## WHAT TO DO
For this exercise, copy exactly the lines below from the one with "The park was" through the one with "[Spiegel] Selon une" and leave out the pictures.
:: GIVEN RECORDS
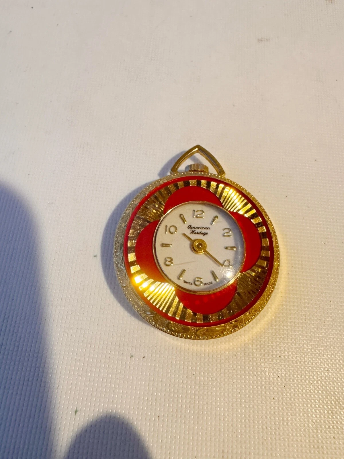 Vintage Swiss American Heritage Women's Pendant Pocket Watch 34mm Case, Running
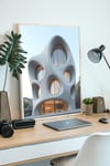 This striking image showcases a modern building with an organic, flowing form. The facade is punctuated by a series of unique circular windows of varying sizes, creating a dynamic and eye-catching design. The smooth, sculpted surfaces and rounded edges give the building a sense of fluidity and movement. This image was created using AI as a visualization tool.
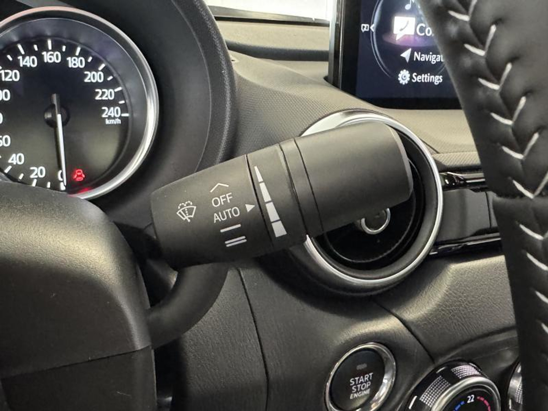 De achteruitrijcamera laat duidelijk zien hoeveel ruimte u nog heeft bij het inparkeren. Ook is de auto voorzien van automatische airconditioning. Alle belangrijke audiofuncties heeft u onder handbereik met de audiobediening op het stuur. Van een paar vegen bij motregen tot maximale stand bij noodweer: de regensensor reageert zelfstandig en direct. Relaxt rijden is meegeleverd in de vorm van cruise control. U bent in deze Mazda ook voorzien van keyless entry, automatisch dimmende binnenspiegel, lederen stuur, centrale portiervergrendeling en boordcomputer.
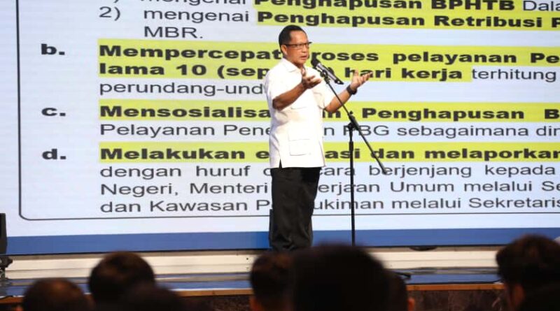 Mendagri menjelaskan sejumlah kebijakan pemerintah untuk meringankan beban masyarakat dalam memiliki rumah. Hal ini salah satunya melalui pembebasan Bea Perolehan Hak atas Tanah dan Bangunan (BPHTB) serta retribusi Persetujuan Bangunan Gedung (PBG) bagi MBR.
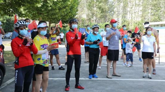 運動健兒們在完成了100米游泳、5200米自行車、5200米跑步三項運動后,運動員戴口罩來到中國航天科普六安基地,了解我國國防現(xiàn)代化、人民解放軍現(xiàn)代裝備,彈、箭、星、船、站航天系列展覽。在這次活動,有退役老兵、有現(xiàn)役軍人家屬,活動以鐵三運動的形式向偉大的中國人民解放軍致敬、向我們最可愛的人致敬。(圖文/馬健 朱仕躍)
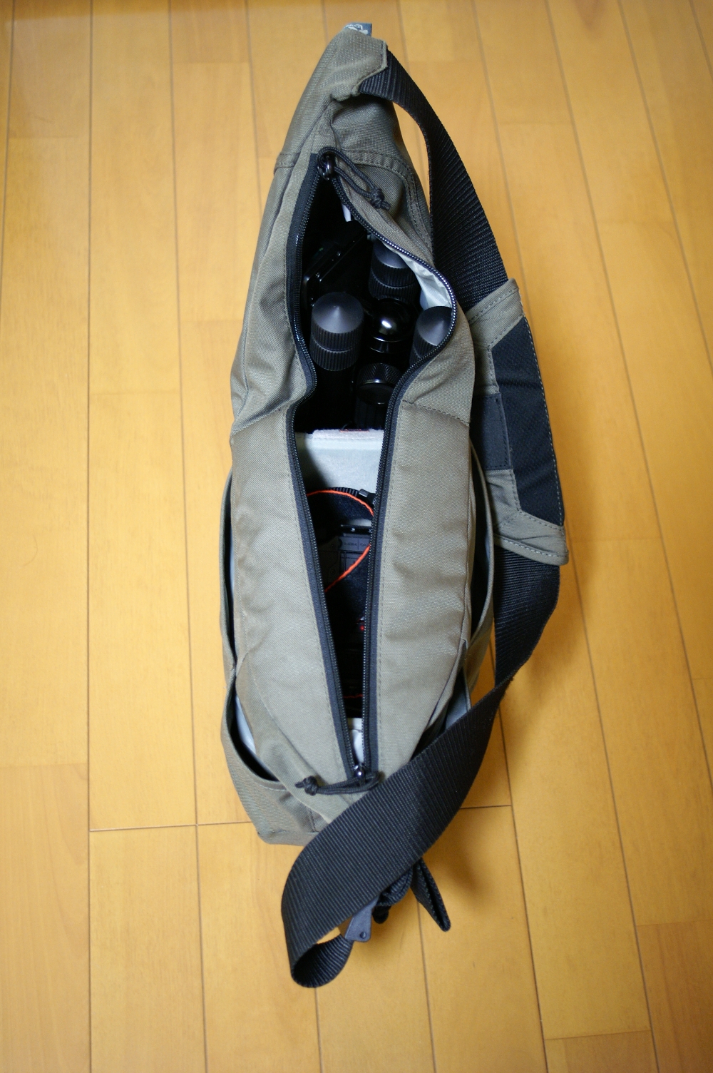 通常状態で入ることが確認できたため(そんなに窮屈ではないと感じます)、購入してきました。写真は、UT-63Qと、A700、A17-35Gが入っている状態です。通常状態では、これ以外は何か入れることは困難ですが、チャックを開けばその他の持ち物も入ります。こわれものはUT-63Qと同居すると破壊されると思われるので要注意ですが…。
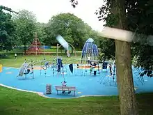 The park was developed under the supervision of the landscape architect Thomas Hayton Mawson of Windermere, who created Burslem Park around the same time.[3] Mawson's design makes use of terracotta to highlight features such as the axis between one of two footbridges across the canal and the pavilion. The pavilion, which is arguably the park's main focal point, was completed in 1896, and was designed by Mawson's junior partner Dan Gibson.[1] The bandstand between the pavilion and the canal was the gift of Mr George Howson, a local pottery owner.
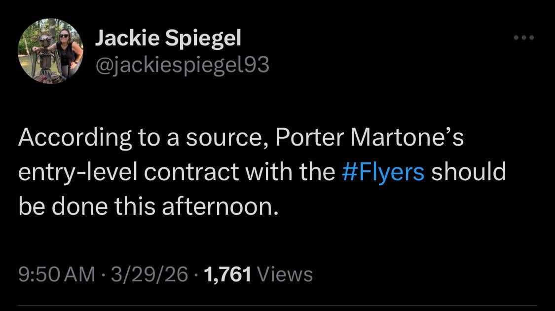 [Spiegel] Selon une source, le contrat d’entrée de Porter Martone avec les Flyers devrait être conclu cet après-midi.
::::
:: GIVEN RECORDS
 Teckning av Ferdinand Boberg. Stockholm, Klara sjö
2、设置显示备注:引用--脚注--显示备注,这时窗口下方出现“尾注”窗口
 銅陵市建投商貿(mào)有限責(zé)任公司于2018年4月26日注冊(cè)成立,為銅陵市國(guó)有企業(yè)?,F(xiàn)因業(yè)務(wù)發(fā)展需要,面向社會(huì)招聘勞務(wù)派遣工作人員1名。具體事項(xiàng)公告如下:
::::
## RESPONSE TO THE EXERCISE
 The park was developed under the supervision of the landscape architect Thomas Hayton Mawson of Windermere, who created Burslem Park around the same time.[3] Mawson's design makes use of terracotta to highlight features such as the axis between one of two footbridges across the canal and the pavilion. The pavilion, which is arguably the park's main focal point, was completed in 1896, and was designed by Mawson's junior partner Dan Gibson.[1] The bandstand between the pavilion and the canal was the gift of Mr George Howson, a local pottery owner.
 [Spiegel] Selon une source, le contrat d’entrée de Porter Martone avec les Flyers devrait être conclu cet après-midi.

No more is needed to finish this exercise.